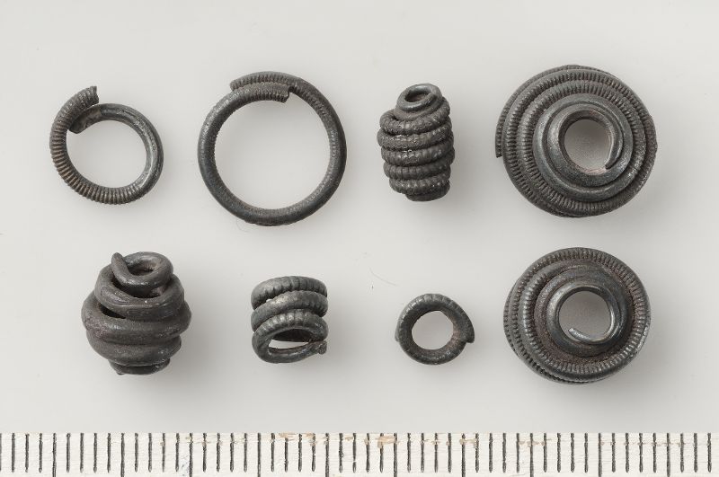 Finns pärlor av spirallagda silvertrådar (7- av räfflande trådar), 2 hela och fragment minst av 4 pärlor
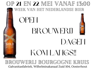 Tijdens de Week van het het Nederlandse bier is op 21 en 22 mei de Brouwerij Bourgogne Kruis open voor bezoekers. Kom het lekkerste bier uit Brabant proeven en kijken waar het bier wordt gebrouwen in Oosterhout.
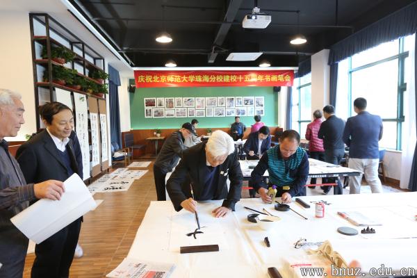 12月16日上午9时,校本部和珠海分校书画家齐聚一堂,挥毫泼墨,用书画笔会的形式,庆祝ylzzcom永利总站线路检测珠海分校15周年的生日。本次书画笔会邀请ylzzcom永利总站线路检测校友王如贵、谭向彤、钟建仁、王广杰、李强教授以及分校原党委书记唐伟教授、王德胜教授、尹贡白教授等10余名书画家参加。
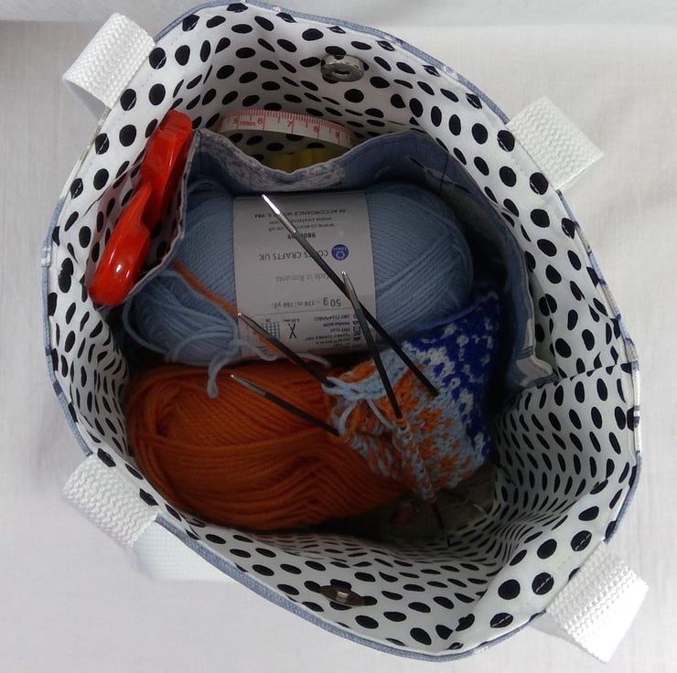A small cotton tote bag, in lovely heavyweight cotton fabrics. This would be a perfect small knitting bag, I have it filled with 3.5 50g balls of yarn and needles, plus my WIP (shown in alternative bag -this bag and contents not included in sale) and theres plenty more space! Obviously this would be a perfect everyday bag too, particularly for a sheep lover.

* * *

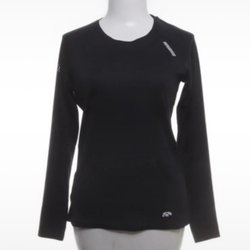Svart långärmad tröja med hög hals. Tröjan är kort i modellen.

==

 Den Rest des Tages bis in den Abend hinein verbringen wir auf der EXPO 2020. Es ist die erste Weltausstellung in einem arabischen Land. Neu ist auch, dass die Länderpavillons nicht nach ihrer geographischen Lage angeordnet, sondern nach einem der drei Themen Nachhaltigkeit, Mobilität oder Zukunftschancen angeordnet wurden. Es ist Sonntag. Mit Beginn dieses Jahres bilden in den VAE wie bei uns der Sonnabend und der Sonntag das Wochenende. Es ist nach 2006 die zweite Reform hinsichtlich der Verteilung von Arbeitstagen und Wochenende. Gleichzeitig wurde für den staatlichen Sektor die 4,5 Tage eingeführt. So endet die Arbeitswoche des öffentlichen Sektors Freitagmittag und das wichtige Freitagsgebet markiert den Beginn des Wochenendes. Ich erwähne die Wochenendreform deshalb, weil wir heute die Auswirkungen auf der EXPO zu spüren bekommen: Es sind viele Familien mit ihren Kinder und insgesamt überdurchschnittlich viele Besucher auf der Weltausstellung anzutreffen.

:: TASK OBJECTIVE ::
Look above for the line containing "Finns pärlor av", then copy exactly from it through the line containing "A small cotton", keeping both and leaving out pictures. Add nothing else.

:: EXERCISE SOLUTION ::
 Finns pärlor av spirallagda silvertrådar (7- av räfflande trådar), 2 hela och fragment minst av 4 pärlor
 Tijdens de Week van het het Nederlandse bier is op 21 en 22 mei de Brouwerij Bourgogne Kruis open voor bezoekers. Kom het lekkerste bier uit Brabant proeven en kijken waar het bier wordt gebrouwen in Oosterhout.
 12月16日上午9时,校本部和珠海分校书画家齐聚一堂,挥毫泼墨,用书画笔会的形式,庆祝ylzzcom永利总站线路检测珠海分校15周年的生日。本次书画笔会邀请ylzzcom永利总站线路检测校友王如贵、谭向彤、钟建仁、王广杰、李强教授以及分校原党委书记唐伟教授、王德胜教授、尹贡白教授等10余名书画家参加。
A small cotton tote bag, in lovely heavyweight cotton fabrics. This would be a perfect small knitting bag, I have it filled with 3.5 50g balls of yarn and needles, plus my WIP (shown in alternative bag -this bag and contents not included in sale) and theres plenty more space! Obviously this would be a perfect everyday bag too, particularly for a sheep lover.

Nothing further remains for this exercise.